» **Your objective**
Below are entries to reproduce exactly, apart from their pictures.

» **Provided material**
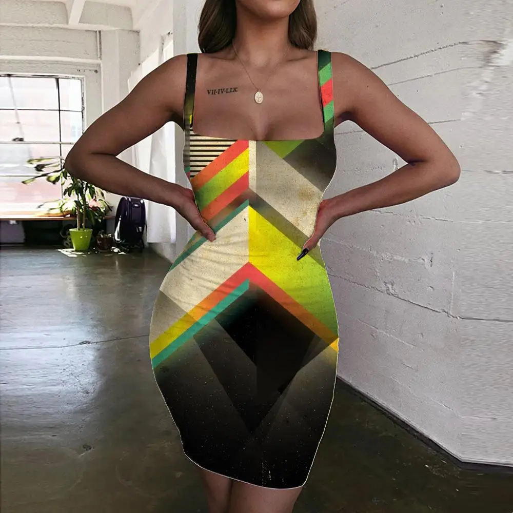 Платье женское неоновое с абстрактным 3D-принтом, на бретелях
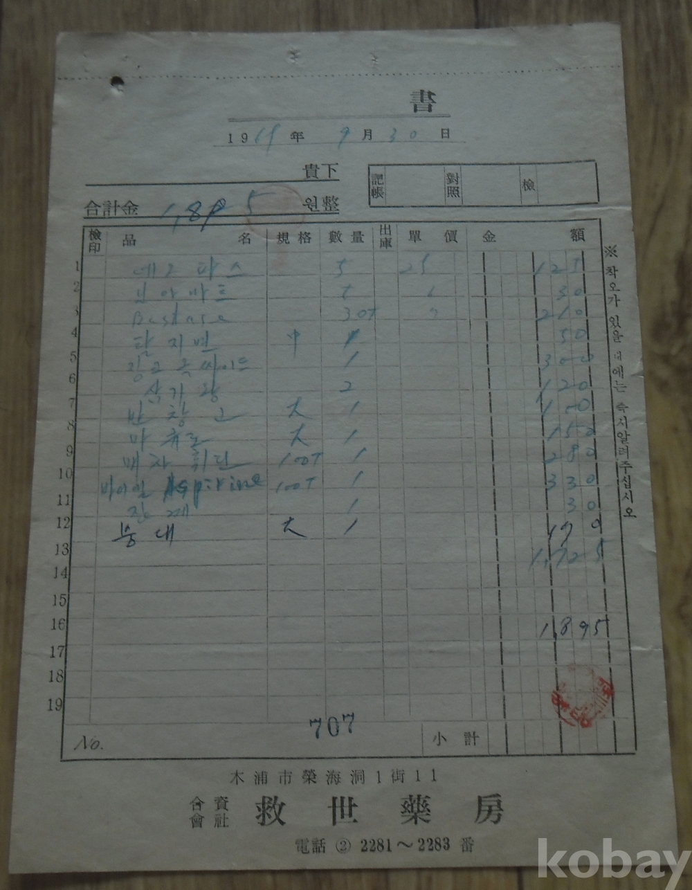 옛 영수증(계산서): 1969년 구세약방(목포)
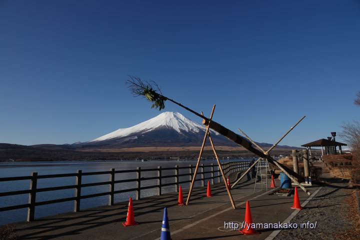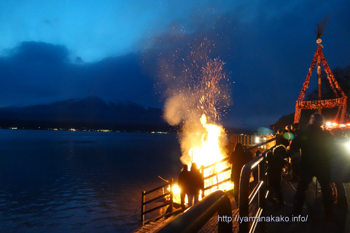夕方には各所で御神木が立ち、一番最後に朝紹介した長池地区の御神木が立ち、湖畔でどんど焼きが行われました。
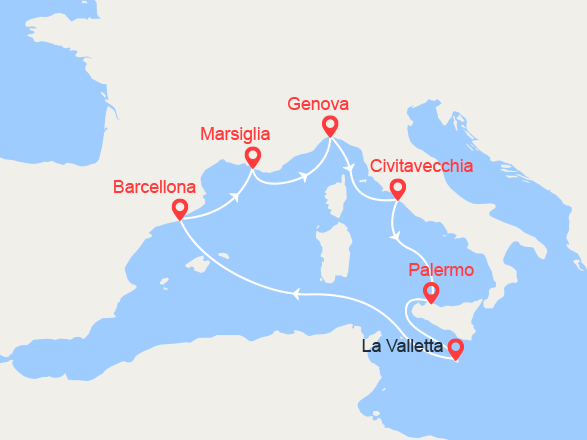 Barcellona - Marsiglia - Genova - Civitavecchia - Palermo - La Valletta vedere di +
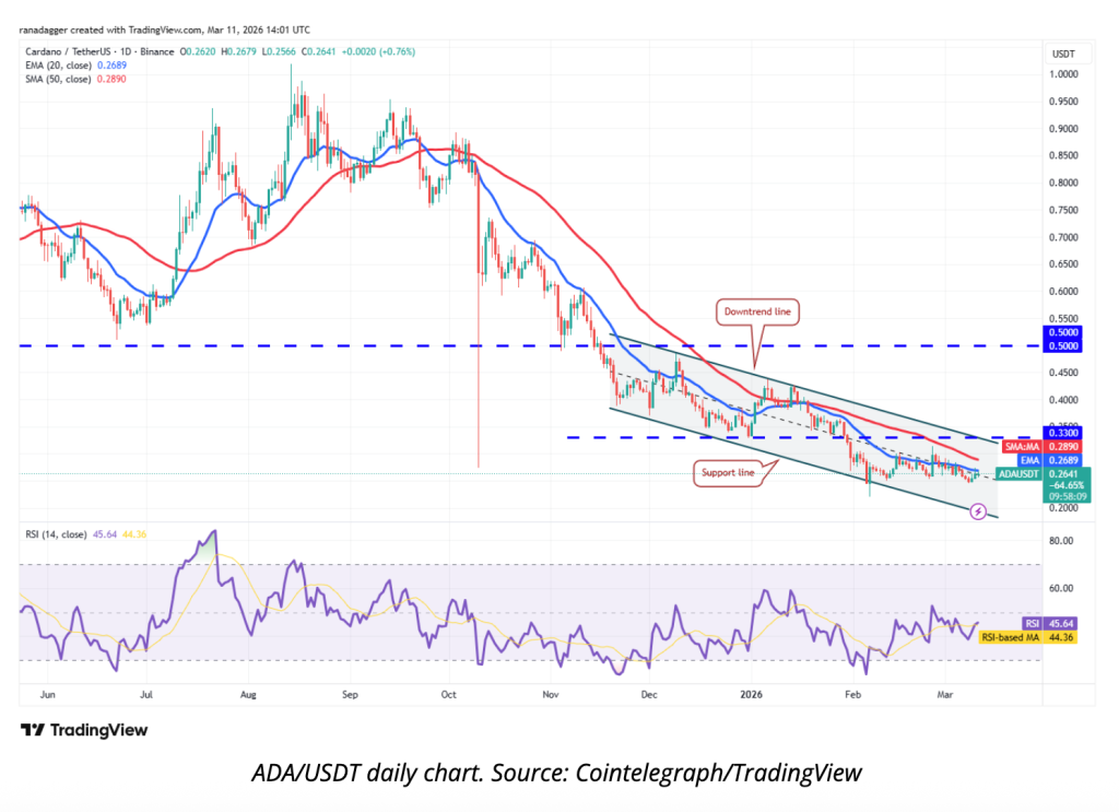 ADA has been trading around $0.26 as of mid-March, weighed down after whales offloaded above 130 million tokens over the past week. The sell-off tracked broader macro caution as rising oil prices dampened near-term Fed rate cut expectations.
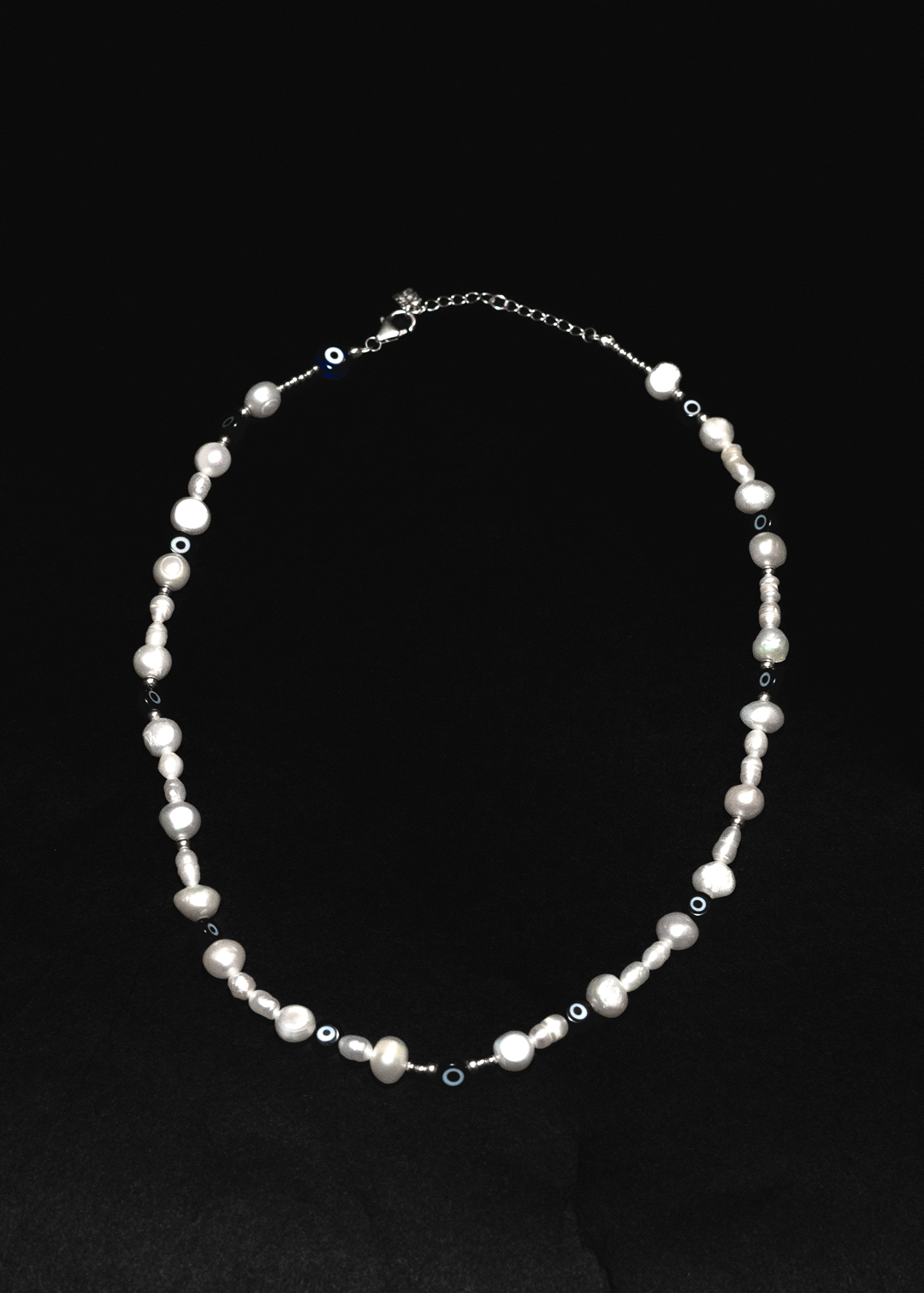 High quality 4-8mm freshwater pearl, silver beads, glass evil eye & silver sterling finishing.
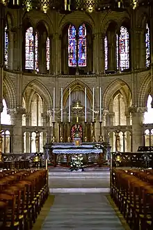 - 🌍 Cathedral (Notre-Dame de Reims), Place du Cardinal Luçon. The French equivalent, somewhat, for England's Westminster Abbey, the cathedral at Reims was the church in which numerous French monarchs were officially crowned. Reims is one of the later Gothic cathedrals and renowned for its height. There is a fine interior west facade with carvings of Biblical scenes; some fine 13c stained glass in the high windows of the nave and choir; and windows by Marc Chagall (in the eastern chapel) and the two local artists Jacques and Brigitte Simon. The south transept window by Jacques Simon shows themes linked with champagne including a portrait of the monk who invented it, Dom Perignon.
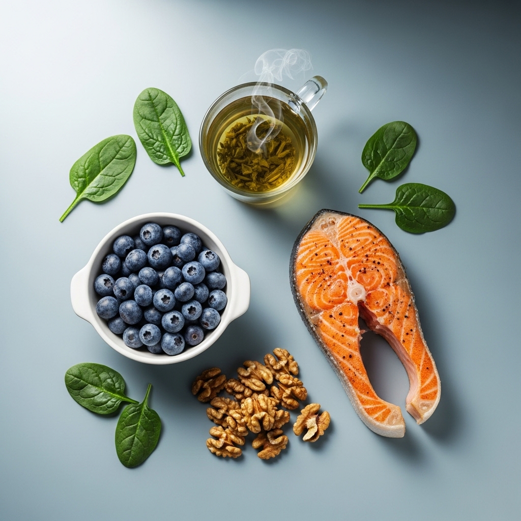 뇌는 활성산소에 취약하며, 이는 인지 기능 저하의 주요 원인 중 하나입니다. 베리류(블루베리, 라즈베리), 다크 초콜릿, 녹차, 강황 등 항산화 물질이 풍부한 식품들은 뇌 세포를 보호하고 염증을 줄여줍니다. 특히 블루베리는 '뇌 강화 슈퍼푸드'로 불릴 만큼 뛰어난 효능을 자랑합니다.
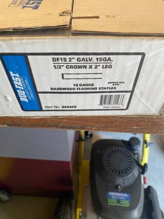 2"x 1/2" Galvanized crown flooring staples. 5000 per box. new. I have 7 boxes left. Give me a call. $25 per box.

» **Task output**
 Платье женское неоновое с абстрактным 3D-принтом, на бретелях
 옛 영수증(계산서): 1969년 구세약방(목포)
夕方には各所で御神木が立ち、一番最後に朝紹介した長池地区の御神木が立ち、湖畔でどんど焼きが行われました。
 Barcellona - Marsiglia - Genova - Civitavecchia - Palermo - La Valletta vedere di +
 ADA has been trading around $0.26 as of mid-March, weighed down after whales offloaded above 130 million tokens over the past week. The sell-off tracked broader macro caution as rising oil prices dampened near-term Fed rate cut expectations.
 High quality 4-8mm freshwater pearl, silver beads, glass evil eye & silver sterling finishing.
 - 🌍 Cathedral (Notre-Dame de Reims), Place du Cardinal Luçon. The French equivalent, somewhat, for England's Westminster Abbey, the cathedral at Reims was the church in which numerous French monarchs were officially crowned. Reims is one of the later Gothic cathedrals and renowned for its height. There is a fine interior west facade with carvings of Biblical scenes; some fine 13c stained glass in the high windows of the nave and choir; and windows by Marc Chagall (in the eastern chapel) and the two local artists Jacques and Brigitte Simon. The south transept window by Jacques Simon shows themes linked with champagne including a portrait of the monk who invented it, Dom Perignon.
 뇌는 활성산소에 취약하며, 이는 인지 기능 저하의 주요 원인 중 하나입니다. 베리류(블루베리, 라즈베리), 다크 초콜릿, 녹차, 강황 등 항산화 물질이 풍부한 식품들은 뇌 세포를 보호하고 염증을 줄여줍니다. 특히 블루베리는 '뇌 강화 슈퍼푸드'로 불릴 만큼 뛰어난 효능을 자랑합니다.
 2"x 1/2" Galvanized crown flooring staples. 5000 per box. new. I have 7 boxes left. Give me a call. $25 per box.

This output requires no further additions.